Devereaux Ferris
- Full name: Devereaux St Bruno Ferris
- Born: October 24, 1994 (age 31) Auckland, New Zealand
- Height: 5 ft 9 in (1.75 m)
- Weight: 180 lb (82 kg)
- School: King's College
- University: Life West

Rugby union career
- Position: Scrum-half
- Current team: Seattle Seawolves

Amateur team(s)
- Years: Team / Apps / (Points)
- Mid Northern RFC
- 2014: San Diego Old Aztecs
- 2015–2019: Life West
- Correct as of November 19, 2018

Senior career
- Years: Team / Apps / (Points)
- 2016: San Francisco Rush / 9 / (20)
- 2020: San Diego Legion / 4 / (5)
- 2021: Seattle Seawolves
- 2022: NOLA Gold
- 2023: Houston SaberCats
- 2023-present: Seattle Seawolves
- Correct as of July 16, 2023

International career
- Years: Team / Apps / (Points)
- 2017: USA Islanders / 1 / (0)
- 2017–: USA Selects / 3 / (0)
- 2018–: United States / 1 / (0)
- Correct as of November 19, 2018

= Devereaux Ferris =

American rugby union player (born 1994)

Devereaux St Bruno Ferris (born October 24, 1994) is a New Zealand-born, American rugby union player who plays at scrum-half for the Seattle Seawolves in Major League Rugby (MLR). He also represents America as a member of the United States men's national team and USA Selects.
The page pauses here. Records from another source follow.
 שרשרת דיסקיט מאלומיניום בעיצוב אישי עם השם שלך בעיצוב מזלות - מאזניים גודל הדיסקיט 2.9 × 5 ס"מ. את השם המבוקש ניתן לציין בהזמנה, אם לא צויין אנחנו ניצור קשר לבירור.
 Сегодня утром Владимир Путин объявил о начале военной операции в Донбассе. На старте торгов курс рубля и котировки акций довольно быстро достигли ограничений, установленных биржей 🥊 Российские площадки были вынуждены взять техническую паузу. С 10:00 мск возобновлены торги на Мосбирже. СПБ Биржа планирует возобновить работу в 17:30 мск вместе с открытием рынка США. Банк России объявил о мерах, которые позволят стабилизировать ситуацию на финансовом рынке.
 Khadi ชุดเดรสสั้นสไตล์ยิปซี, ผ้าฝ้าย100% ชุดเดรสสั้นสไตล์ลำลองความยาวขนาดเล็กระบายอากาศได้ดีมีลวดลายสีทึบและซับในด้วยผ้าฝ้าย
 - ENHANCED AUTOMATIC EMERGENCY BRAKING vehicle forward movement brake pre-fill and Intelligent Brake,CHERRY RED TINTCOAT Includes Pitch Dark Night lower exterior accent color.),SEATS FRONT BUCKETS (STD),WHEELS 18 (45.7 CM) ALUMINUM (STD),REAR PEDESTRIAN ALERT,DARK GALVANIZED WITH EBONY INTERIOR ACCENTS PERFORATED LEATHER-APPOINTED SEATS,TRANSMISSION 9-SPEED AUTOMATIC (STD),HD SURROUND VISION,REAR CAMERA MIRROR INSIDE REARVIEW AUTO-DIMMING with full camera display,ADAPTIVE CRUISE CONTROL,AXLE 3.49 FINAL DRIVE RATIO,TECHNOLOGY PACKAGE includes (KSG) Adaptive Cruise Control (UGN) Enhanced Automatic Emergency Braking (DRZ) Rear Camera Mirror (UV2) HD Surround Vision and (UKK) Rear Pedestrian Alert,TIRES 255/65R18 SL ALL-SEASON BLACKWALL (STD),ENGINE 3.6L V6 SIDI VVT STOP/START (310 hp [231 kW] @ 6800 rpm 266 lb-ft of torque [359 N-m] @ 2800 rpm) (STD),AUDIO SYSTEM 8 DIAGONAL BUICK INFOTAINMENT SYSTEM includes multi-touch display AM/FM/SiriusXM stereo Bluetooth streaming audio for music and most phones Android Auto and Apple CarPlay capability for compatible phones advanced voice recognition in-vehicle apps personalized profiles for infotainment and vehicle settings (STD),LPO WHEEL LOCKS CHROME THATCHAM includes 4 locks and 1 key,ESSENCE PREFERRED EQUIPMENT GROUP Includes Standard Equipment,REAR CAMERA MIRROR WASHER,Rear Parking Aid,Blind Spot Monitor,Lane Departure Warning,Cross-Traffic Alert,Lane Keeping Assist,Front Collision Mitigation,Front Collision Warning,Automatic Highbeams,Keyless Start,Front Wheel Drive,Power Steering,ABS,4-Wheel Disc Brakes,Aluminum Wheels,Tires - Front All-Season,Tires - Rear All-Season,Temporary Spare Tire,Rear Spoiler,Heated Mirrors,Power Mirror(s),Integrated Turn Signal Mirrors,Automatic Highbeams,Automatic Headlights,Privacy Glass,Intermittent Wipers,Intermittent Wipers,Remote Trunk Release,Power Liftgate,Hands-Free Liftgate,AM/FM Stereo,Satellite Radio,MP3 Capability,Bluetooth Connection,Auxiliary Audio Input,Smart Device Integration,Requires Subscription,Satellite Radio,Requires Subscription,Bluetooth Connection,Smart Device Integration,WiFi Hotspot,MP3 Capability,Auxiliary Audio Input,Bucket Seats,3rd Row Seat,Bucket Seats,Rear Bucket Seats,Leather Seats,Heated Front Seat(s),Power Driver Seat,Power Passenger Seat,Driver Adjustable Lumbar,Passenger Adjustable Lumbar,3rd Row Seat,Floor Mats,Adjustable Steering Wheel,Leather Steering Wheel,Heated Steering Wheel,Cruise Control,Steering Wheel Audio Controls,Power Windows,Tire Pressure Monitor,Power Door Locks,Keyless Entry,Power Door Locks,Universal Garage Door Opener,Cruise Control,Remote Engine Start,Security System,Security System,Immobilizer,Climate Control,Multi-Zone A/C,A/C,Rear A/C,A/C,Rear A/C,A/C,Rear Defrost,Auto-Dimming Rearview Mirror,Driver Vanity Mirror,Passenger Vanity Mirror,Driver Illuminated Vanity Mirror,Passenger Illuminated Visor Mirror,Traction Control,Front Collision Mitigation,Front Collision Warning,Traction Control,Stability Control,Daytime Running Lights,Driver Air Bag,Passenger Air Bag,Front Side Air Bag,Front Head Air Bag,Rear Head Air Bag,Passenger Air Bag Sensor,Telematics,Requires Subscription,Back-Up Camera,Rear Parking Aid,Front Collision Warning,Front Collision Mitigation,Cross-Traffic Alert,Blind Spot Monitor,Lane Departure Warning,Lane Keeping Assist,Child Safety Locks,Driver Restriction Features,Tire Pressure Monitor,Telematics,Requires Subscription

Ferris has also played for the San Diego Legion, the New Orleans Gold and the Houston SaberCats in MLR, but returned to the Seattle Seawolves. He previously played for the San Francisco Rush in PRO Rugby, the USA Islanders, and Life West.

==Early life==
Ferris was born on October 24, 1994 in Auckland, New Zealand and is of Māori descent. Ferris began playing rugby at the age of three and attended King's College. After having played rugby with Mid Northern RFC in New Zealand and with the San Diego Old Aztecs of San Diego, California for one season, Ferris moved to the United States permanently to play for Life West, where he has been coached by his father. In 2016, Ferris won a DII National Championship as a member of the Life West rugby team.

==Club career==
===San Francisco Rush===
In April 2016, it was announced that Ferris had signed with the San Francisco Rush of PRO Rugby for that competition's first and only season. Ferris made his debut for the Rush on April 17, appearing as a substitute, in a 37–25 loss to Sacramento. Ferris made his first start for the Rush at scrum-half on April 24, in a 35–18 defeat to Denver. Ferris scored two tries in one match on two occasions during the season: on July 16 against the San Diego Breakers and on July 30 against the Sacramento Express.

===San Diego Legion===
Ferris was listed on the roster for the San Diego Legion for their inaugural season in Major League Rugby, but he did not make an appearance for the club.

===Seattle Seawolves===
Ferris signed with Seattle for the 2021 MLR season.

===NOLA Gold===
Ferris signed with NOLA Gold for the 2022 MLR season.

===Houston Sabercats===
Ferris signed with the Houston Sabercats for the 2023 MLR season.

==International career==
===USA Islanders===
In 2017, it was announced that Ferris had been named to the roster of the USA Islanders and would serve as vice-captain. On August 10, 2017, Ferris started for the Islanders at scrum-half in their inaugural match—a 92–0 defeat to Saracens F.C.

===USA Selects===
Ferris was first named to the USA Selects' roster in September 2017, as a non-travelling reserve, in advance of the 2017 Americas Pacific Challenge. In September 2018, it was announced that Ferris had been named to the Selects' roster for the 2018 Americas Pacific Challenge. Ferris made his debut for the Selects on October 6, 2018, appearing as a substitute, in a 39–30 defeat to Tonga.

===USA Eagles===
Ferris was first named to the roster for the USA Eagles for the 2018 Americas Rugby Championship, but he did not make an appearing during the competition. Ferris made his debut for the Eagles on November 10, 2018, appearing as a substitute, in the Eagles' 30–29 victory over Samoa during the 2018 end-of-year tests.